Collected material:

----

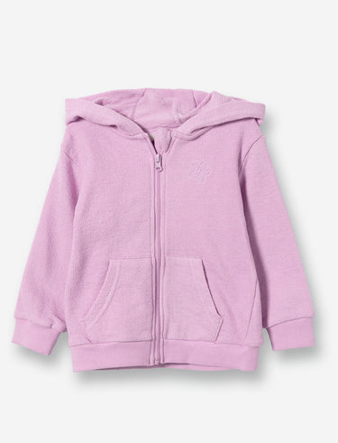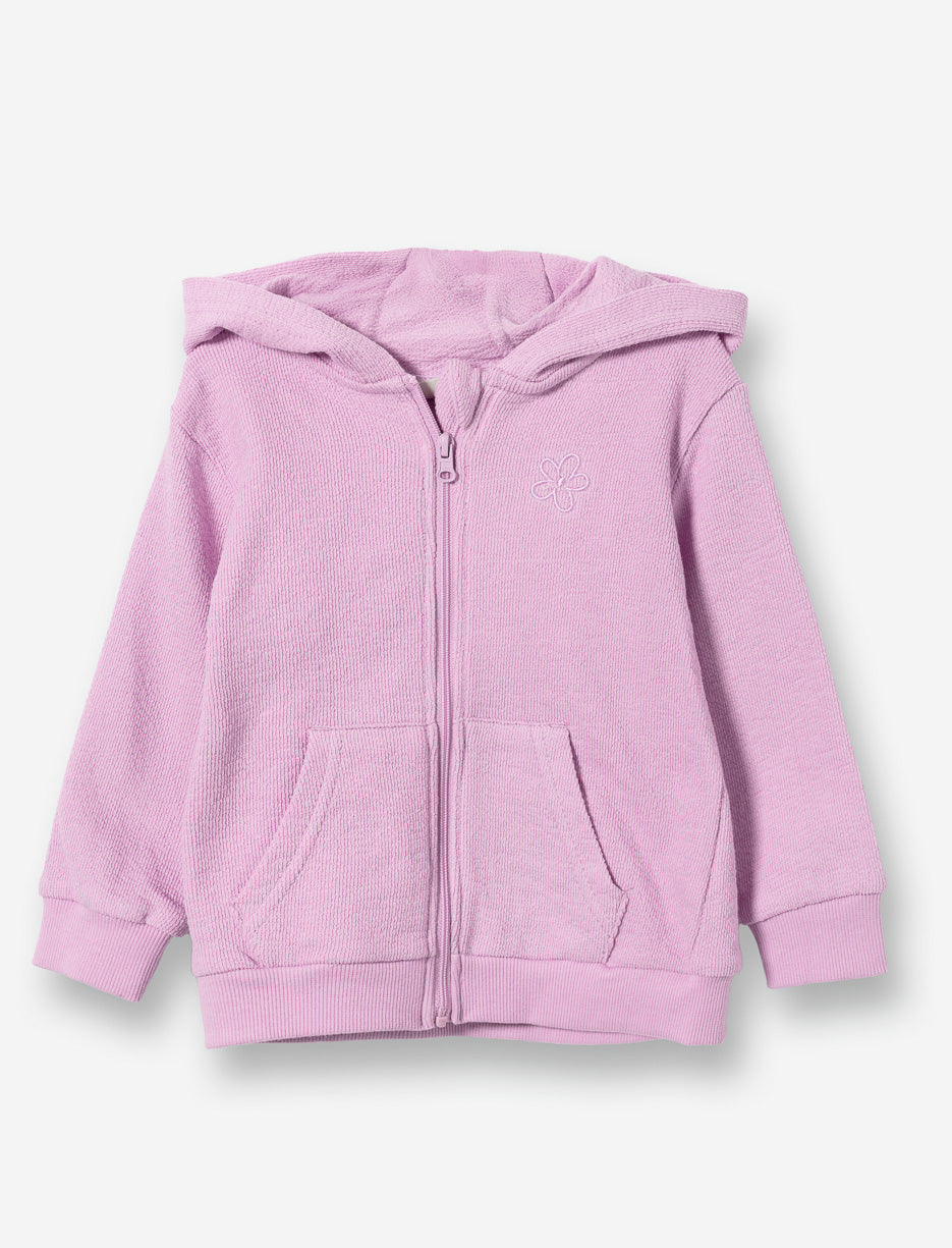 Cardigan à capuchon en terry super confo avec zip complet, deux poches et finitions côtelées. Parfait pour les jours où elle veut se sentir bien dans ta peau!
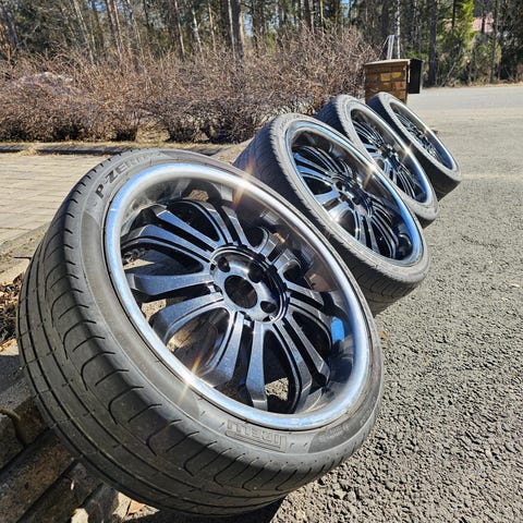 Siittä jollekki hyvät vanteet renkailla, takana kusiuuet renkaat laputki vielä kiini, eessä yhen kesän ajetut pintaa on. Etu renkaat 235/35/20
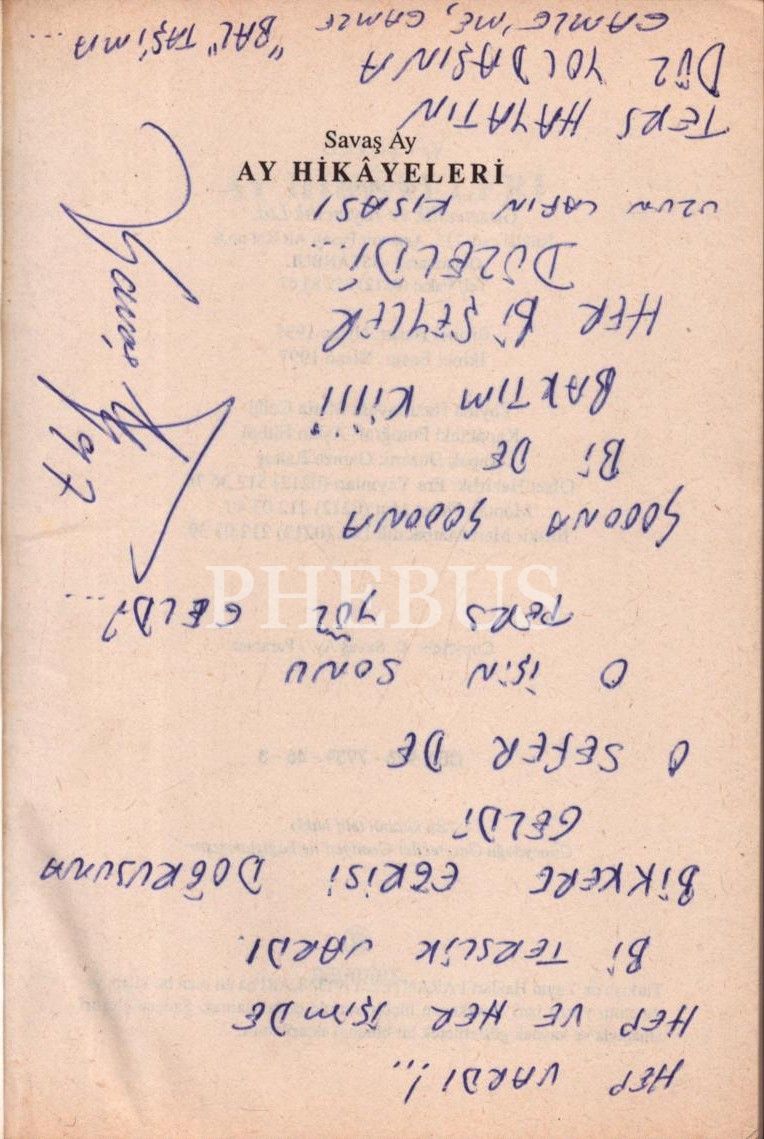 Savaş Ay´dan ithaflı ve imzalı AY HİKÂYELERİ, Parantez Gazetecilik ve Yayıncılık Ltd., Nisan 1997, 128 sayfa, 14x20 cm

----

Directions:
The whole listing should be printed again exactly as written, images excluded.

Solved exercise:
 Cardigan à capuchon en terry super confo avec zip complet, deux poches et finitions côtelées. Parfait pour les jours où elle veut se sentir bien dans ta peau!
 Siittä jollekki hyvät vanteet renkailla, takana kusiuuet renkaat laputki vielä kiini, eessä yhen kesän ajetut pintaa on. Etu renkaat 235/35/20
 Savaş Ay´dan ithaflı ve imzalı AY HİKÂYELERİ, Parantez Gazetecilik ve Yayıncılık Ltd., Nisan 1997, 128 sayfa, 14x20 cm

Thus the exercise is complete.